How do you build tunnels of interstate highway four lanes wide through poor soil beneath vital railroad tracks without shutting down the rail lines? This was the dilemma faced by the Slattery/ Interbeton/White/Perini Joint Venture, working on a portion of the Central Artery/Tunnel Project—often called the Big Dig—which will result in 7.5 miles (161 lane miles) of I-93 and I-90 buried under central Boston. The multibillion-dollar undertaking is reported to be the largest and most complex urban infrastructure project in American history. Tunneling under railroads usually involves relocating tracks—or taking all or a portion of the tracks out of service—and building staged cut-and-cover tunnels. This was not a viable option in Boston because of the many rail lines funneling more than 300 daily commuter and Amtrak trains into the city's South Station. These vital tracks bisect eastbound and westbound extensions of I-90 that are now being built and that will provide high-speed access to Logan Airport via the new Ted Williams Tunnel under Boston Harbor.

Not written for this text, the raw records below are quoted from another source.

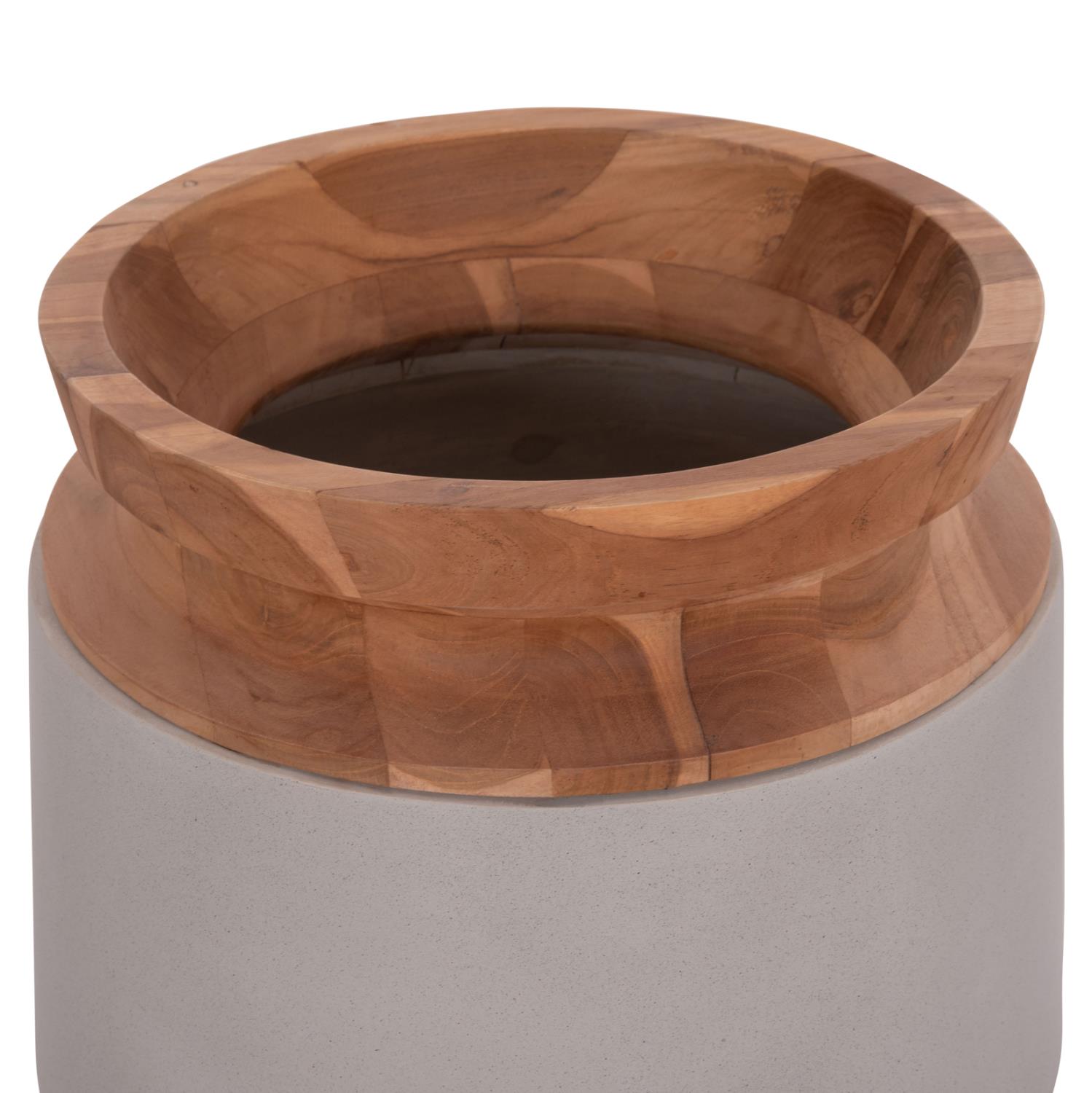 The handmade decorative floor vase LINTER is another new addition to our range for decorating any space. It is made entirely of Fiber Cement in GREY color with a rim made of quality Teak wood, while its dimensions make it imposing in the space. Ideal for a multitude of uses and spaces.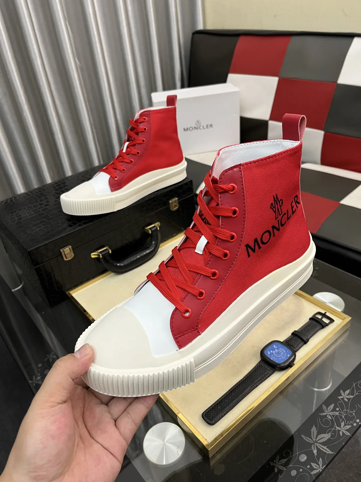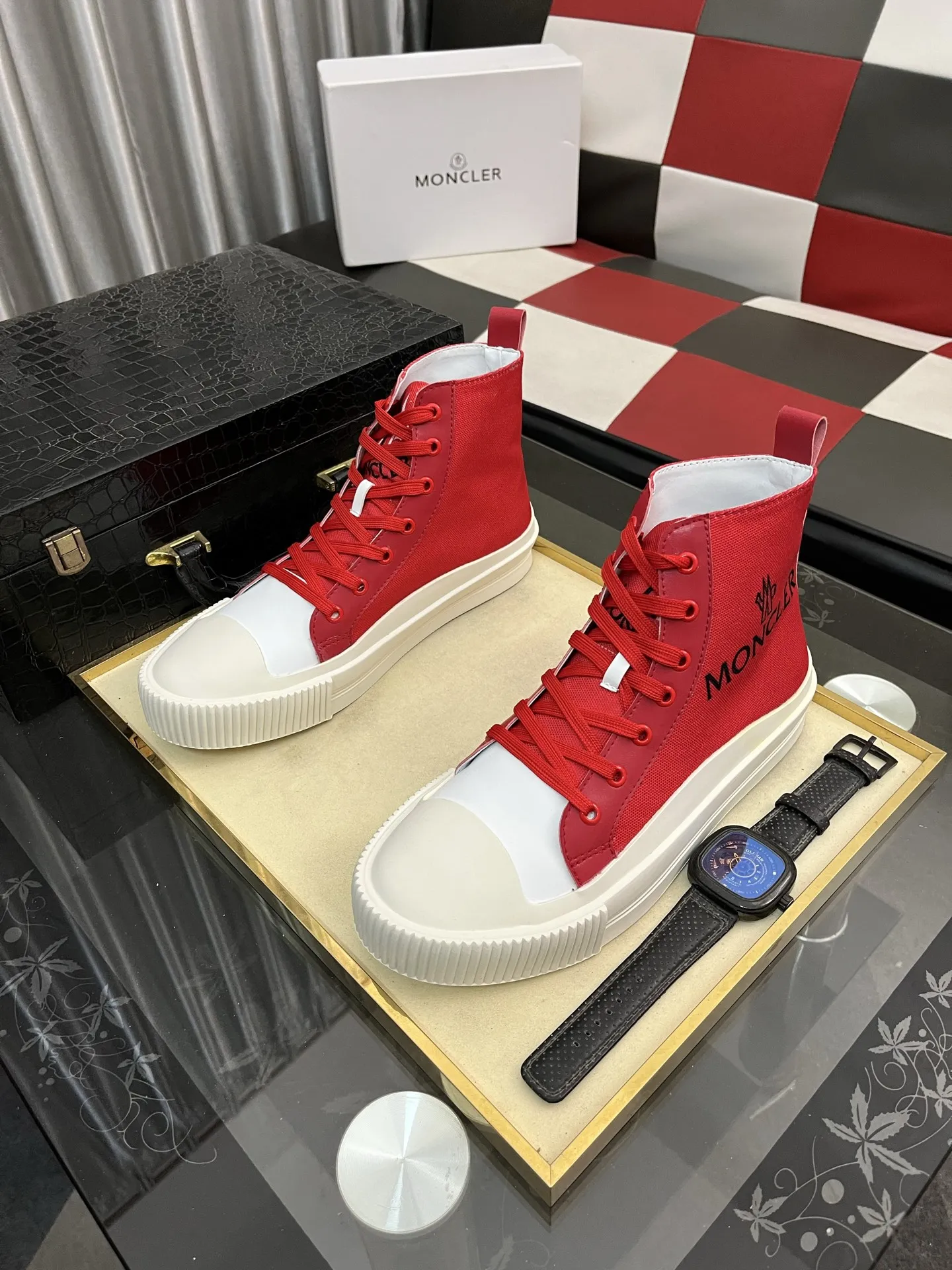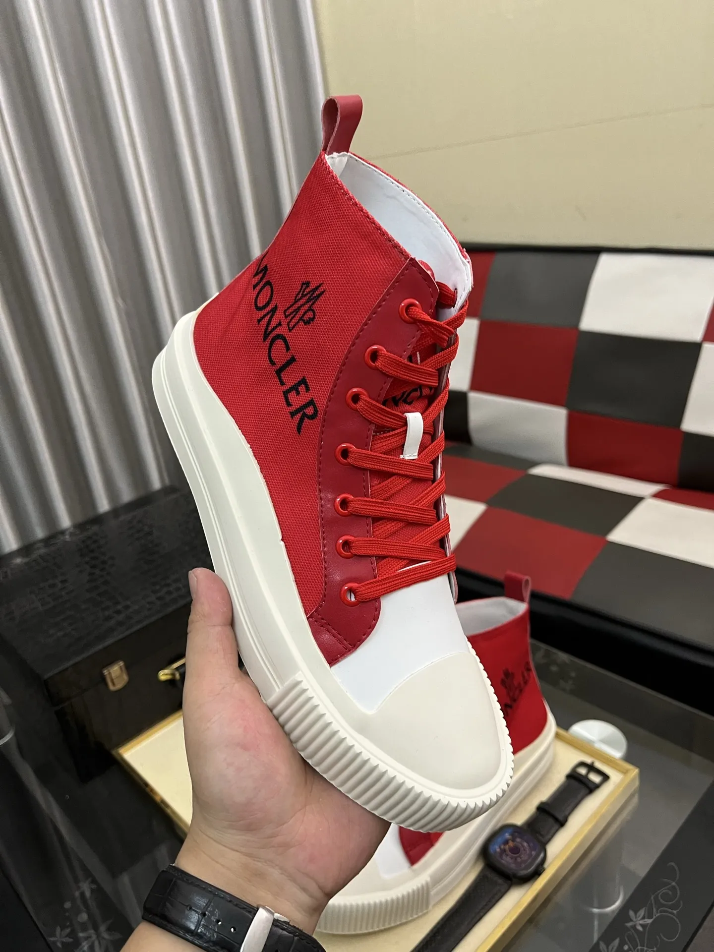 Wholesale cheap replica Moncler High Tops Shoes For Men #1407846 by discount price $$85.00 USD outlet for sale.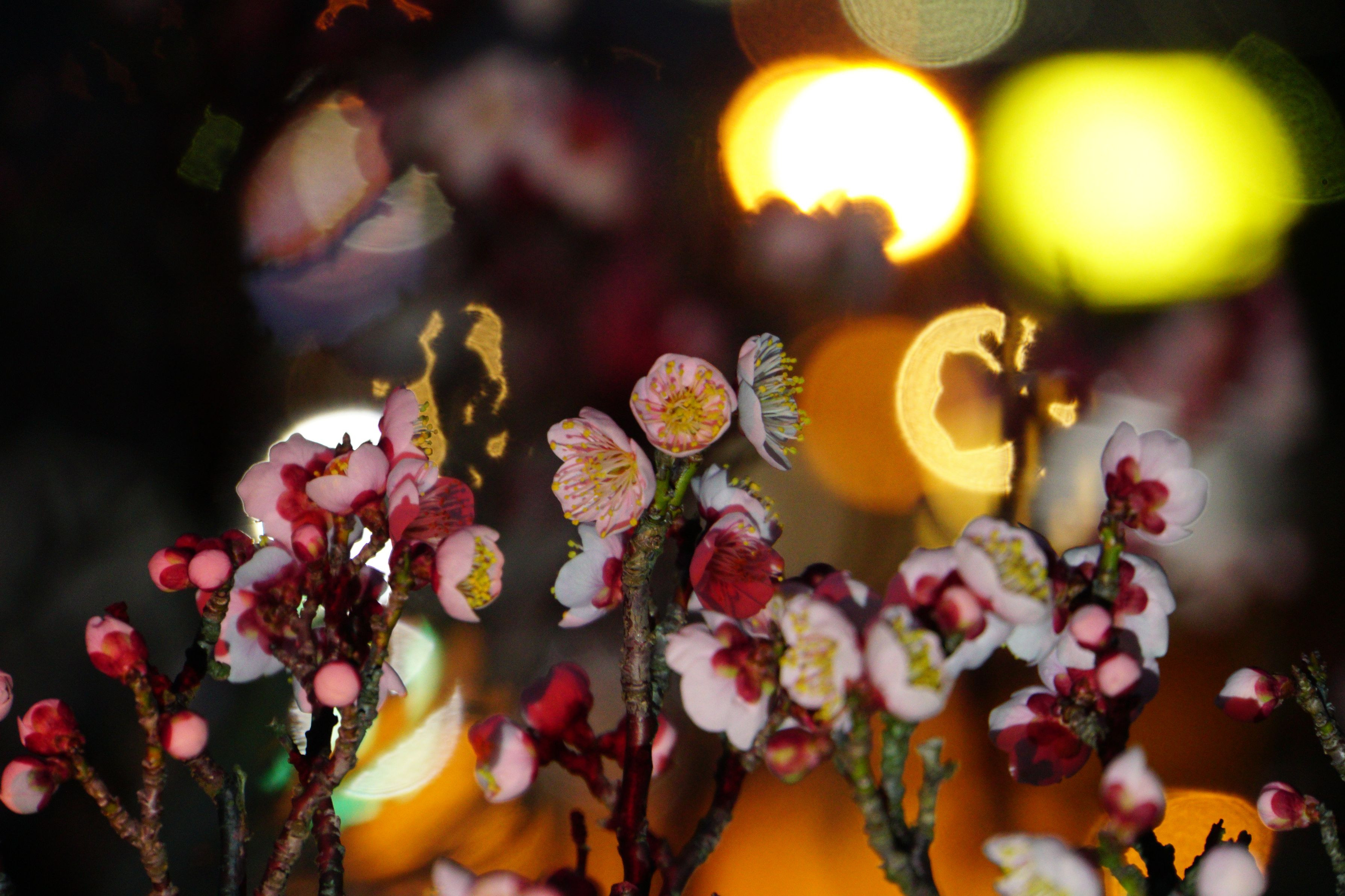 なんだろう、夜桜はあるけど、夜梅って。 日没も早いし、日中の方が良いのだろうけど、夜の梅の楽しみ方。 ライトを用意して、光を当てながら、バックの光を撮影する。綺麗かも、なーんてね。

Of three other tunneling options—mining, excavating multiple drifts by micro-tunneling, and tunnel jacking—jacking is the least expensive. Jacking also reduces the volume of excavated soil and minimizes contact with subsurface obstructions. The 25 feet of soil under the rail beds contain hundreds of years of Boston history: long abandoned subsurface tracks, building foundations, and coarse fill. And because the groundwater level is only 6 to 10 feet below the present rail beds, the deeper soil is a soft, watery mixture of silt, sand, peat, and marine clay.